Start of MATERIALS PROVIDED

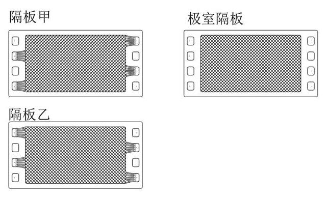 總次序為:陽極板,極室隔板,極膜,隔板甲,陽膜,隔板甲,陰膜,隔板乙;陽膜,隔板甲,陰膜,隔板乙;……;陽膜,隔板甲,陰膜,隔板乙;陽膜,隔板甲,陰膜,隔板乙;極膜,極室隔板,陰極板。一共為40組,有41個濃水室,40個淡水室,隔板甲所處的濃水室,隔板乙為淡水室。
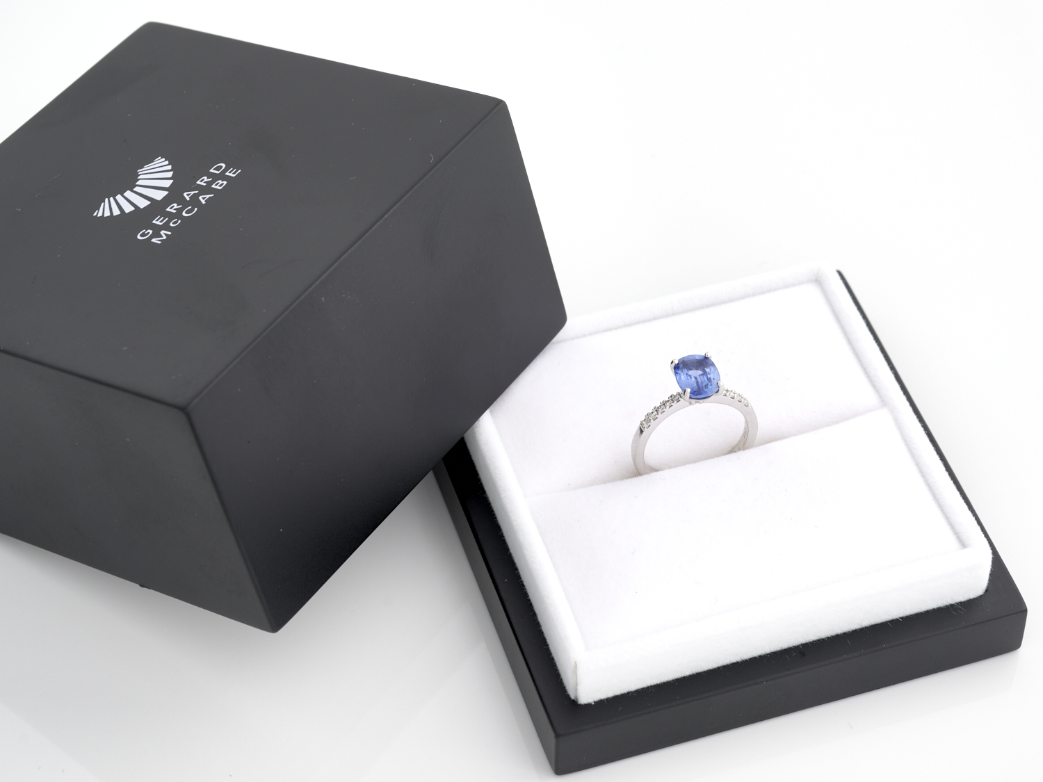 GERARD MCCABE, A CEYLONESE SAPPHIRE AND DIAMOND RING IN 18CT WHITE GOLD, THE SAPPHIRE WEIGHING 2.23CTS AND DIAMONDS TOTALLING 0.15CTS, RING SIZE M, 4.0GMS
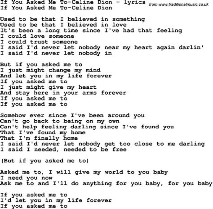 If you asked me to I just might give my heart And stay here in your arms forever If you asked me to If you asked me to Asked me to, I will give my world to you baby I need you now Ask me to and I'll do anything for you baby, for you baby If you asked me to I'd let you in my life forever If you asked me to Submit lyrics correction → 55k LikeC�LINE DION - IF YOU ASKED ME TO LYRICS
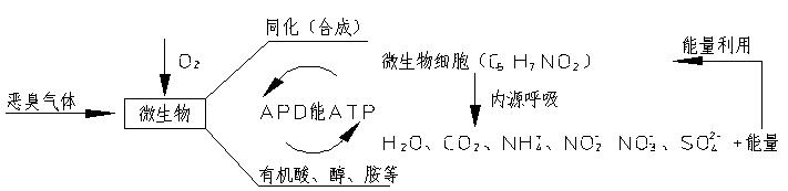 整個(gè)生物除臭過程可以用下式示意圖表示:
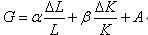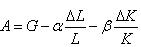 设经济增长率为G,劳动增长率为ΔL/L,资本增长率为ΔK/K,技术进步率为A,则有下列关系式:
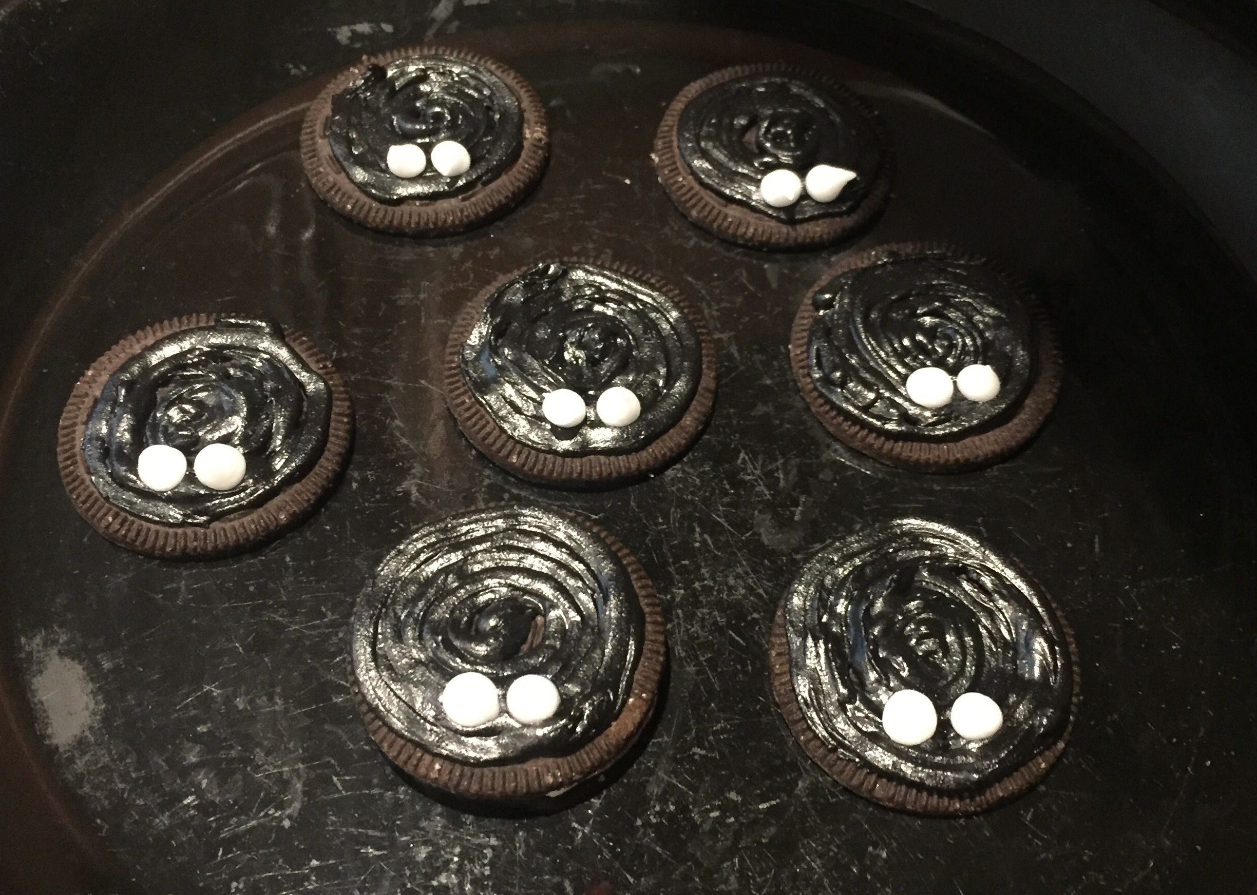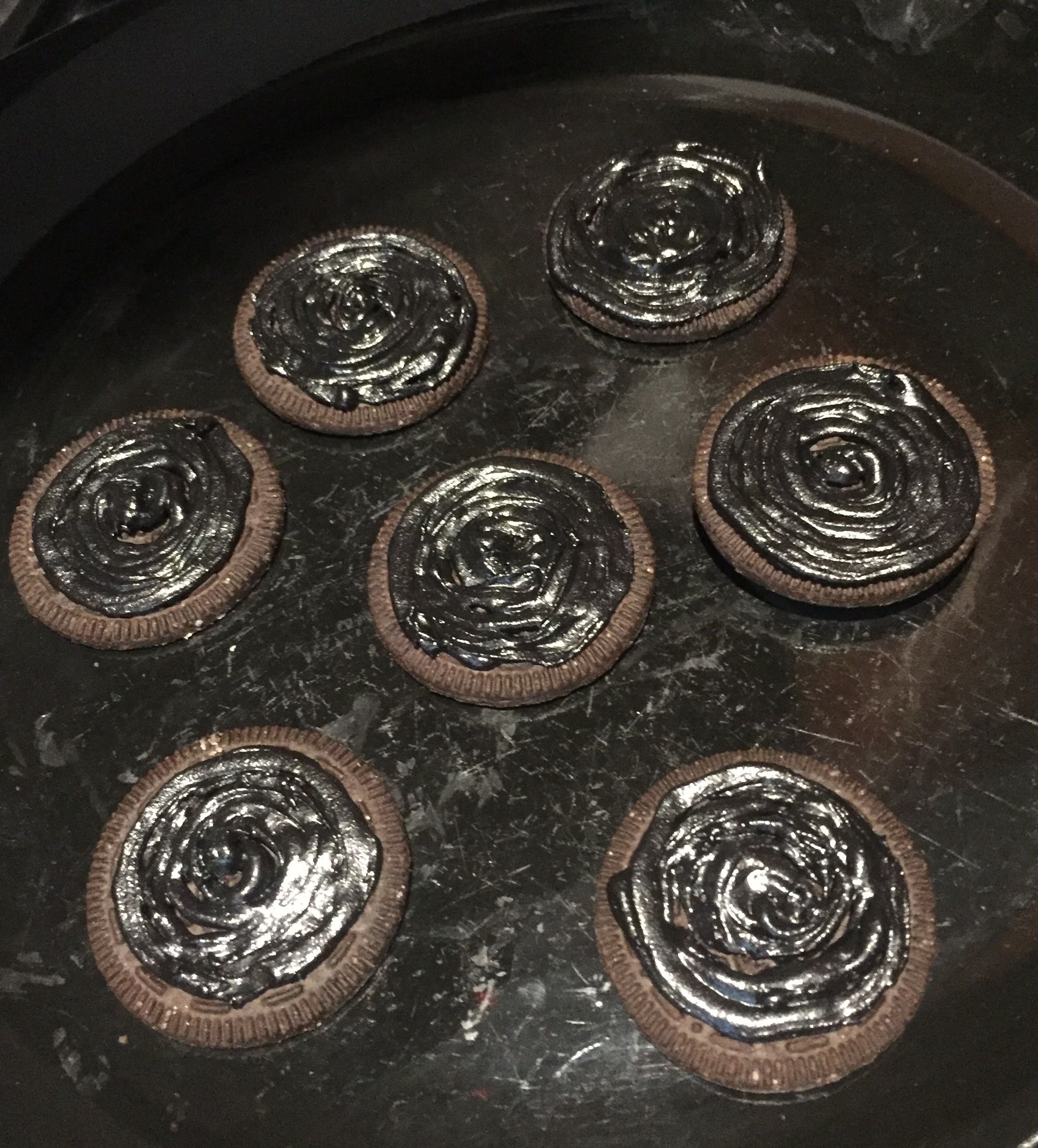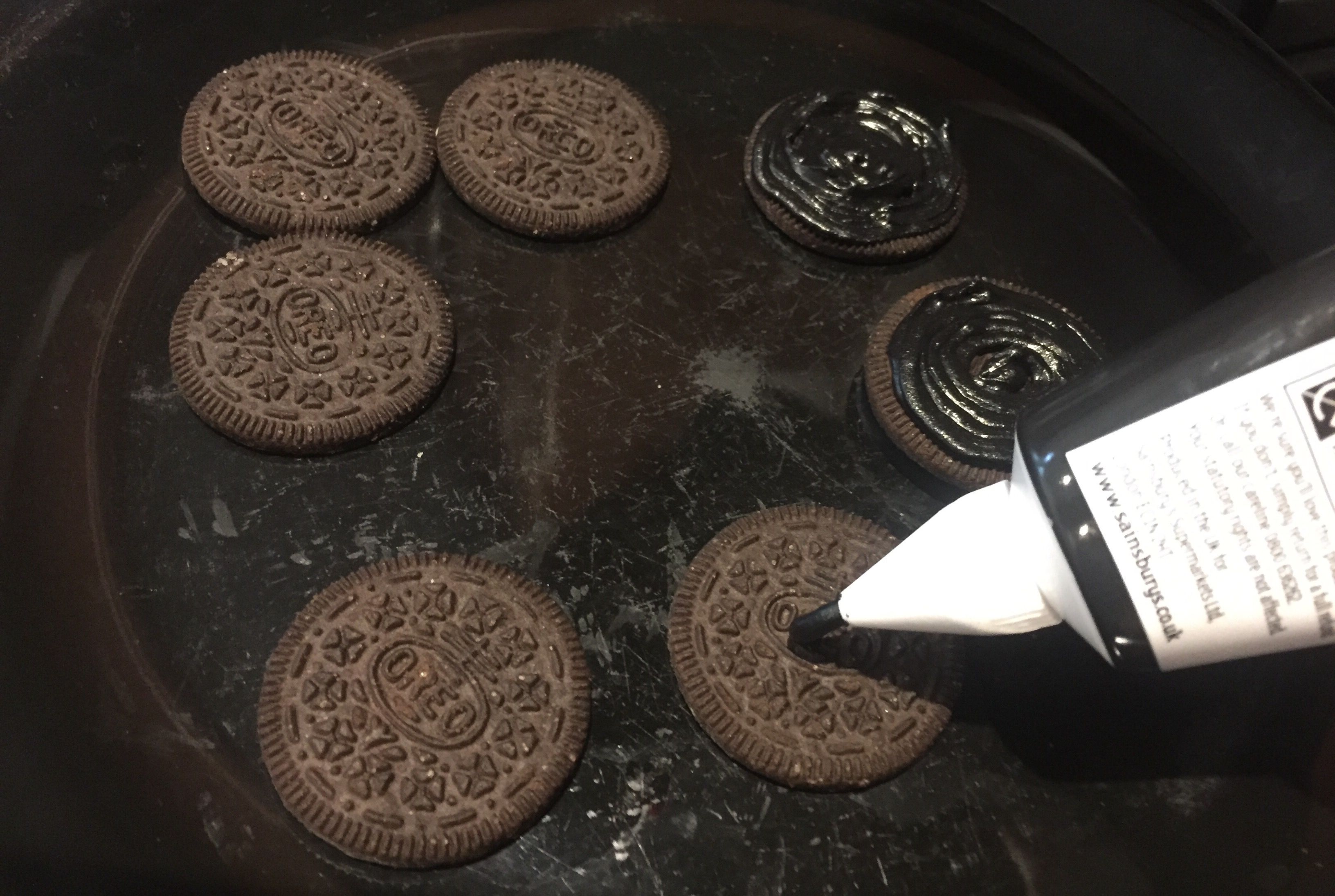 Use the black icing tube, or piping bag to colour the top of the Oreos black, starting from the middle and going out in a circular motion.
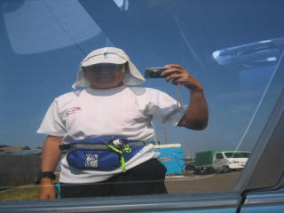 レガ男のリアクォーターガラスに写る姫ちゅ、日よけ帽子にタープt、ウエストポーチに500mlのスポーツ飲料を入れています。
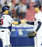 이용찬-양의지,'힘들게 승리 지켜냈어'
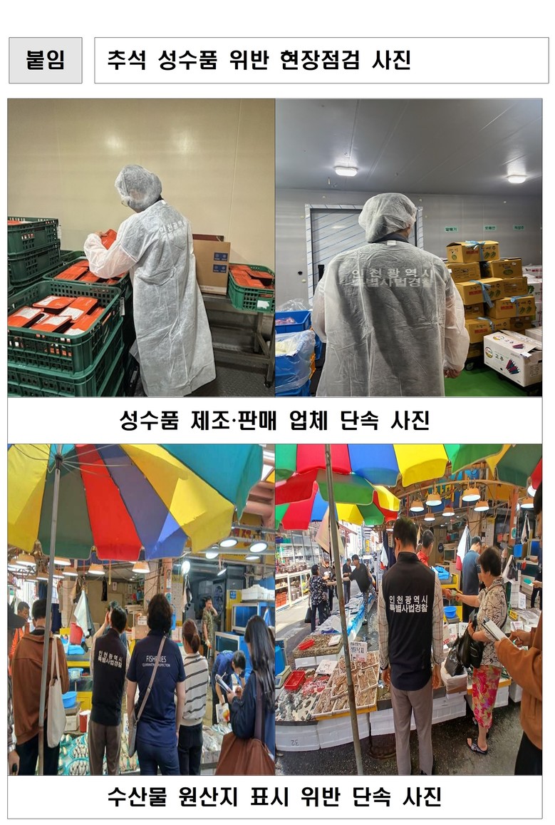 최종문 시 특별사법경찰과장은 “추석 성수품 불법 유통행위를 사전 차단해 시민 건강을 지키고 건전한 유통 질서를 확립하기 위해 이번 기획 수사를 추진했다”며, “앞으로도 안전한 먹거리 유통 환경 조성을 위해 선제적 관리와 수사를 지속하겠다”라고 밝혔다.
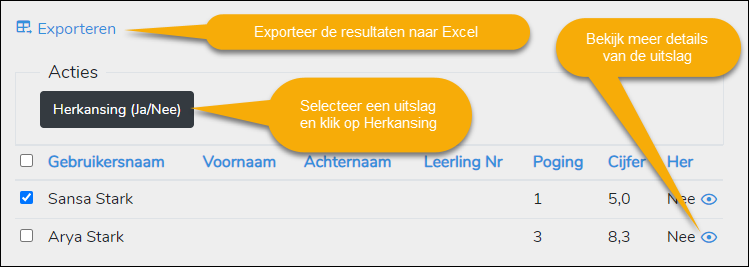 Je kan een toets voor een gebruiker opnieuw open zetten door vanuit de lijst met toetsuitslagen de uitslag te selecteren en de knop Herkansing te gebruiken. Je kan zovaak herkansingen geven als gewenst is.
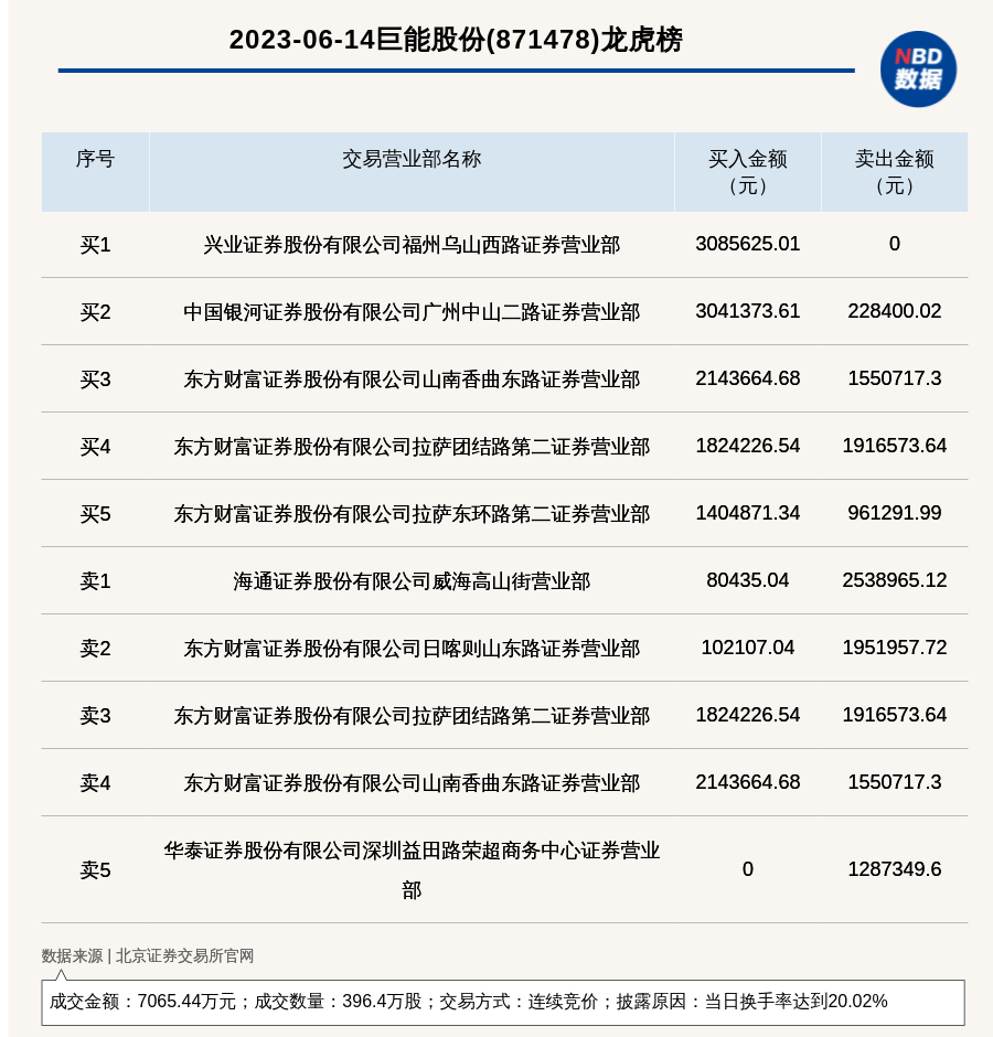 2023年6月14日,北交所上市公司巨能股份(871478,收盘价:17.13元)登上龙虎榜,交易方式是连续竞价,披露原因是当日换手率达到20.02%,成交数量396.4万股,成交金额7065.44万元。买一席位为兴业证券股份有限公司福州乌山西路证券营业部,买入308.56万元;卖一席位为海通证券股份有限公司威海高山街营业部,卖出253.9万元。

End of MATERIALS PROVIDED

** WORK TO BE COMPLETED **
Please return each line of the listing exactly as written, excluding the images.

** ANSWER FOR THIS EXERCISE **
 總次序為:陽極板,極室隔板,極膜,隔板甲,陽膜,隔板甲,陰膜,隔板乙;陽膜,隔板甲,陰膜,隔板乙;……;陽膜,隔板甲,陰膜,隔板乙;陽膜,隔板甲,陰膜,隔板乙;極膜,極室隔板,陰極板。一共為40組,有41個濃水室,40個淡水室,隔板甲所處的濃水室,隔板乙為淡水室。
 GERARD MCCABE, A CEYLONESE SAPPHIRE AND DIAMOND RING IN 18CT WHITE GOLD, THE SAPPHIRE WEIGHING 2.23CTS AND DIAMONDS TOTALLING 0.15CTS, RING SIZE M, 4.0GMS
 If you asked me to I just might give my heart And stay here in your arms forever If you asked me to If you asked me to Asked me to, I will give my world to you baby I need you now Ask me to and I'll do anything for you baby, for you baby If you asked me to I'd let you in my life forever If you asked me to Submit lyrics correction → 55k LikeC�LINE DION - IF YOU ASKED ME TO LYRICS
 整個(gè)生物除臭過程可以用下式示意圖表示:
 设经济增长率为G,劳动增长率为ΔL/L,资本增长率为ΔK/K,技术进步率为A,则有下列关系式:
 Use the black icing tube, or piping bag to colour the top of the Oreos black, starting from the middle and going out in a circular motion.
 レガ男のリアクォーターガラスに写る姫ちゅ、日よけ帽子にタープt、ウエストポーチに500mlのスポーツ飲料を入れています。
 이용찬-양의지,'힘들게 승리 지켜냈어'
 최종문 시 특별사법경찰과장은 “추석 성수품 불법 유통행위를 사전 차단해 시민 건강을 지키고 건전한 유통 질서를 확립하기 위해 이번 기획 수사를 추진했다”며, “앞으로도 안전한 먹거리 유통 환경 조성을 위해 선제적 관리와 수사를 지속하겠다”라고 밝혔다.
 Je kan een toets voor een gebruiker opnieuw open zetten door vanuit de lijst met toetsuitslagen de uitslag te selecteren en de knop Herkansing te gebruiken. Je kan zovaak herkansingen geven als gewenst is.
 2023年6月14日,北交所上市公司巨能股份(871478,收盘价:17.13元)登上龙虎榜,交易方式是连续竞价,披露原因是当日换手率达到20.02%,成交数量396.4万股,成交金额7065.44万元。买一席位为兴业证券股份有限公司福州乌山西路证券营业部,买入308.56万元;卖一席位为海通证券股份有限公司威海高山街营业部,卖出253.9万元。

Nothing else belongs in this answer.